According to the New Method for Double Bass (Carl Fischer edition), Levinson, who was born in Kiev, began to study music at the age of nine. He graduated from the Leningrad Conservatory, later receiving a doctoral degree from this institution. At the age of twenty-nine, he was the youngest member ever to be appointed to the Leningrad Conservatory's faculty. In Leningrad, he also became a member of the Leningrad Philharmonic Orchestra, where he played for almost sixteen years, and was Principal Bass of the Leningrad Chamber Orchestra for thirteen years.

Levinson traveled to the United States in 1977, and began a short tenure as principal Bass of the Minnesota Orchestra soon after his arrival. While living in the States, he served on the faculty of both the Sarasota Music Festival and the Aspen Music Festival, as well as the Indiana University Summer School. He joined the bass faculty of Juilliard in 1985, and was appointed Principal Bass of the New York Philharmonic in May of that year.

In 2003, Levinson was given the Special Recognition Award in Orchestral Performance from the International Society of Bassists for his "extraordinary skills and contribution to the worldwide community of bassists".

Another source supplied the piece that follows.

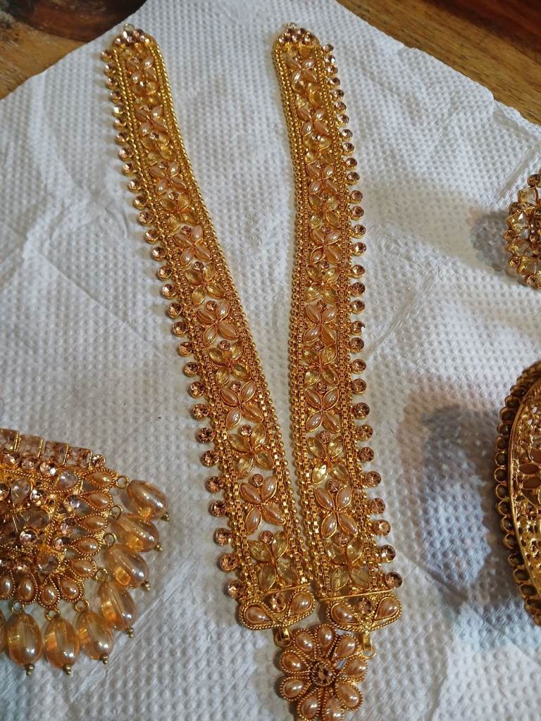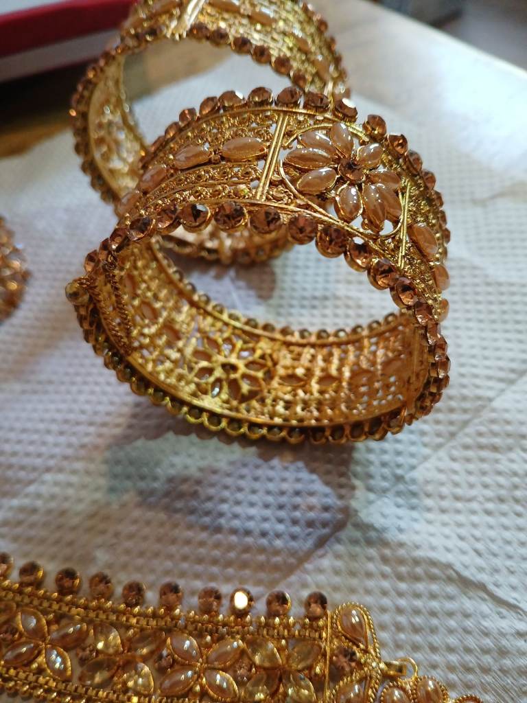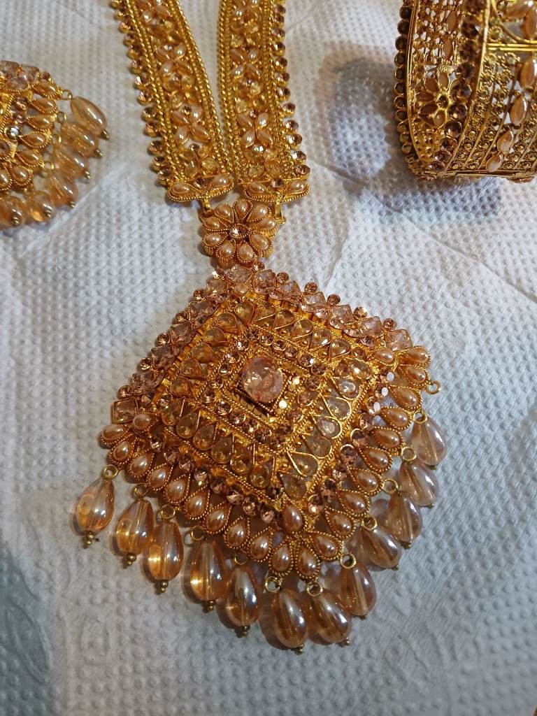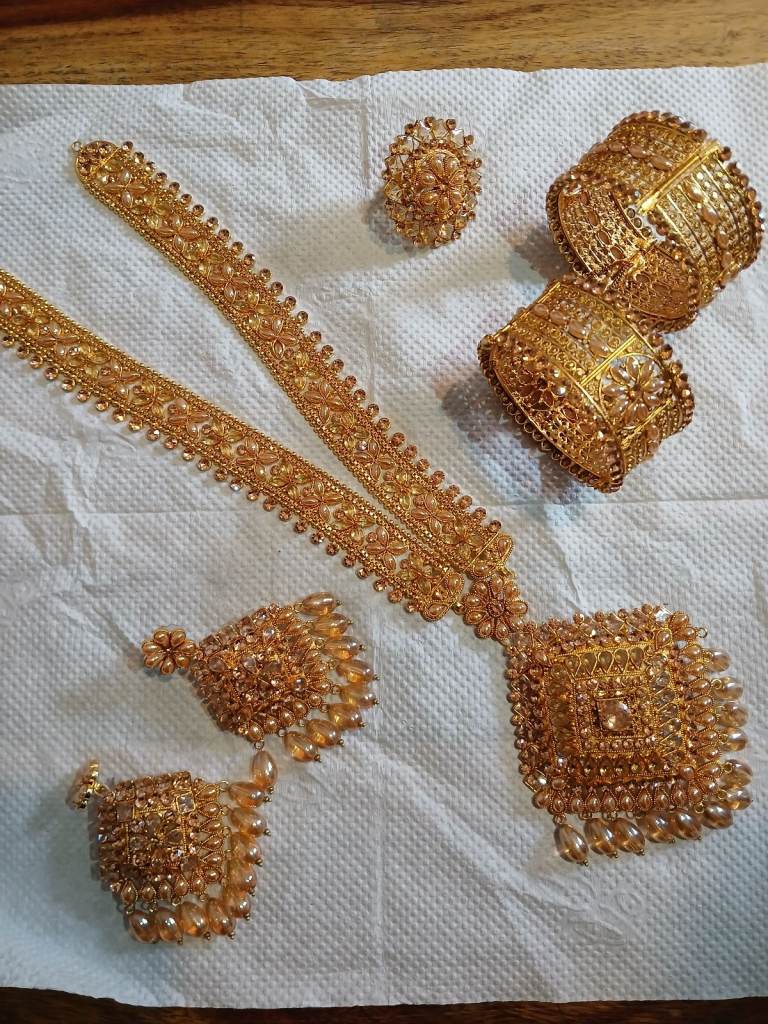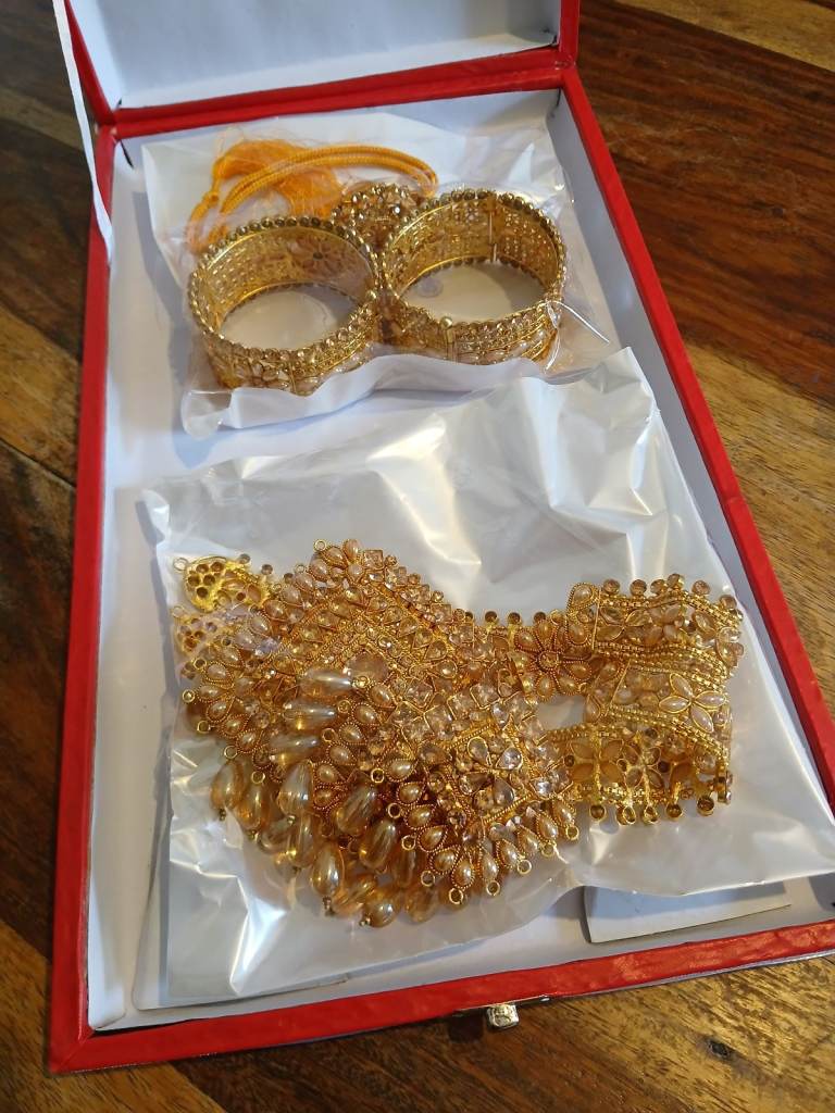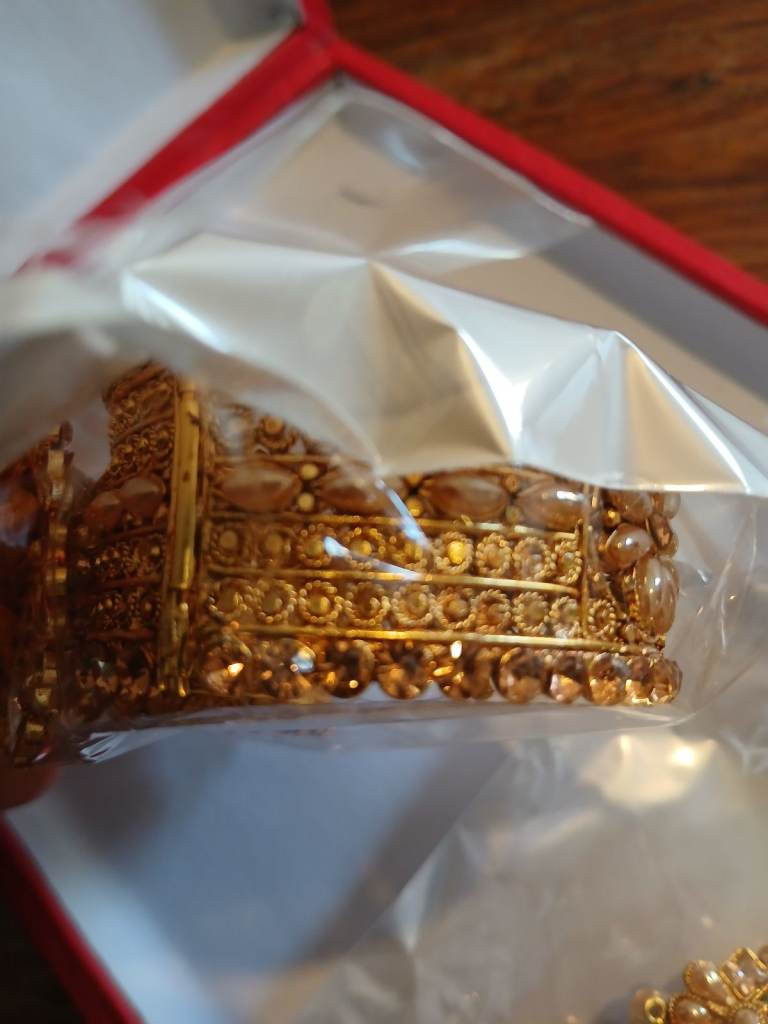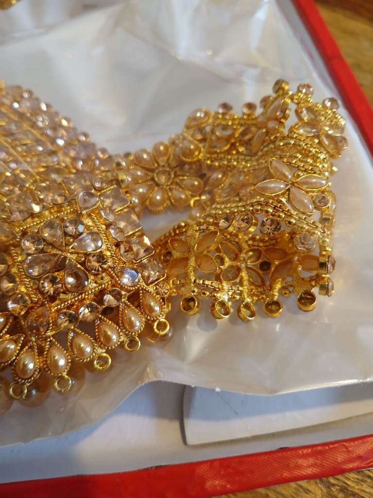 Exquisite set of plated gold jewelry featuring intricate floral and geometric designs. Set consists of bracelets, earrings, necklace and ring. Very good quality, brand new in original packaging. Comes complete with presentation box. WAS £150. NOW £80. Delivery available.

The School of Agility[edit]

The School of Agility is a book by Eugene Levinson (also published by Carl Fischer) which concentrates on improving vital fingering technique for bass players of all levels. His approach focuses on improving rhythm, intonation and fingerboard agility via a variety of fingerings.

The book includes: -Fingerings designed to allow the individual bassist to find those most suitable to their style and level of playing. -Fingerings appropriate to certain playing situations -Fingerings concerned with the shaping of phrases by facilitating smoother transitions. -Techniques to help produce a clean and clear sound.


  1. ^ "Archived copy". Archived from the original on 2009-09-26. Retrieved 2009-10-23.CS1 maint: archived copy as title (link)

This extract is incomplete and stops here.